+++ Extracted entries

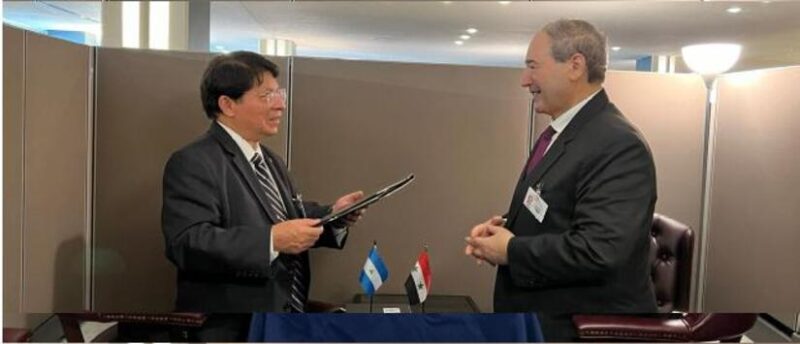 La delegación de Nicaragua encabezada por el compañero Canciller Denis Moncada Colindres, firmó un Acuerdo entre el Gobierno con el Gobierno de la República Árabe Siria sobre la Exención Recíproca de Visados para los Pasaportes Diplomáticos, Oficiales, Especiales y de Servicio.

++++++
+++ Extracted entries

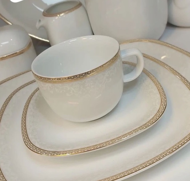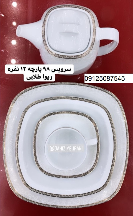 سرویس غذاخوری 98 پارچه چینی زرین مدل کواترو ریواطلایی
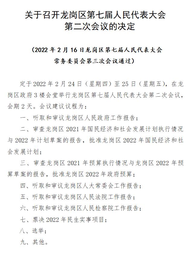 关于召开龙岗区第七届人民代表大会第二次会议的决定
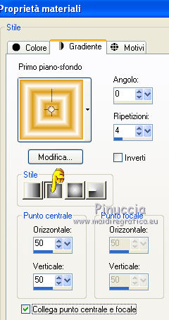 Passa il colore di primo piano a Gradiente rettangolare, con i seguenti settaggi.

++++++

* **Instructions for the task**
Give back exactly the lines of the listing above from the one that contains "سرویس غذاخوری 98" up to and including the one that contains "Passa il colore", but not the pictures, and no other lines.

* **Answer to this exercise**
 سرویس غذاخوری 98 پارچه چینی زرین مدل کواترو ریواطلایی
 关于召开龙岗区第七届人民代表大会第二次会议的决定
 Passa il colore di primo piano a Gradiente rettangolare, con i seguenti settaggi.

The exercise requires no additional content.